“Paul, I get a lot out of your blog – love your Dutch bluntness – it’s always a refreshing addition to my inbox. On my studio wall is a print-out of an excerpt from your blog post about perfectionism. I glance at it every day to remind myself to focus on “practice,” not “perfection.”
There’s nothing more satisfying than receiving a message like this from one of my readers. In fact, words like these keep me going on days I don’t feel like going anywhere.
Being a voice over means signing up for a reclusive lifestyle. As a reluctant extrovert, it’s one of the many aspects of my job that makes it such a good fit. But even though I generally love what I do -professionally speaking- some days I would rather curl up in a ball, and not be recording some poorly written script for an impatient client.
I believe that most of what we see and hear about the life of a voice over, especially on social media, is almost too romantic. It seems too good to be true. There’s all these smiling faces in front of microphones telling us they made even more money this month, than during the same time last year.
Well, good for you!
Look, there’s a colleague who has bought a shiny $4000 microphone. Big whoop! And watch that girl… she just landed a national commercial and wants the whole world to know.
On one hand it’s wonderful to celebrate your successes publicly, but for those who aren’t as accomplished or experienced, it can be pretty depressing and disheartening. Your success sucks! Keep in mind, every time one person wins an audition, there are tons of disappointed “losers.”

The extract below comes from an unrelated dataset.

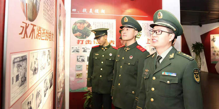 悼念仪式结束后,武警官兵还在讲解员的带领下参观了《初心使命——红色经典连环画作品展》,一幅幅经典的红色连环画,记录着那硝烟弥漫的战争岁月,承载了艰苦卓绝的斗争史。

I understand the need for certain people to pat themselves on the back in public. For some it’s validation. For others it might be vindication. But there’s a downside to it.
Nothing you will ever say about yourself, will be as powerful as what others say about you.

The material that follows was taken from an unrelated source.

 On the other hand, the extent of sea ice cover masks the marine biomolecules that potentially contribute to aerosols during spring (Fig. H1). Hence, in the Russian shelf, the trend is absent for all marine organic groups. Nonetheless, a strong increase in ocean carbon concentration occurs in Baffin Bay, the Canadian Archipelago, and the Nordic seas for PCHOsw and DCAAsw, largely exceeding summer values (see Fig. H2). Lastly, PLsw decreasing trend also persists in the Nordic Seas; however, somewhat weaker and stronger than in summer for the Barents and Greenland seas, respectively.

Your own words will always be taken with a big grain of salt. I mean, why wouldn’t you present yourself in a positive light? In that respect you’re no better than a loud TV commercial people are inclined to distrust.
“Be proud, but don’t applaud yourself,” my mother used to say. “That’s other people’s job.”
Coach and voice over Terry Daniel had this to say:
“I’m all for posting about a booking! There’s nothing wrong with that but when people have to post about EVERY booking, it comes across as a bit insecure. The big-time pros just book and record their work. They don’t feel the need to jump on social media and grandstand about every booking. “
Stephane Cornicard made an important distinction, showing us that it’s not all black or white:
” I think we are all a bit guilty of sharing our booking good news too readily. At the same time sometimes you just HAVE to share… I think what needs to be ascertained is the intent behind the post and analyse our response to it similarly. When someone I am not very fond of, or I don’t think is particularly talented or deserving, posts about their success, it tends to annoy me. When it’s a friend, or when I value their work and talent, it makes me happy for them…”
My colleague Patrick Kirchner put it very well when he wrote:
“For anyone who has been in this job long enough to make the full loop of the roller coaster: When we are at the top, it’s our job to help those whose turn it is to be at the bottom. When we are at the bottom, we’re looking for those at the top to be encouraging, not to remind us they’re at the top. Sometimes that roller coaster moves pretty steeply and quickly.”
When you have someone else spontaneously sing your praises, that’s the kind of exposure money can’t buy. It’s genuine, heartfelt, and persuasive.
So, thank you, dear reader. You’ve made my day!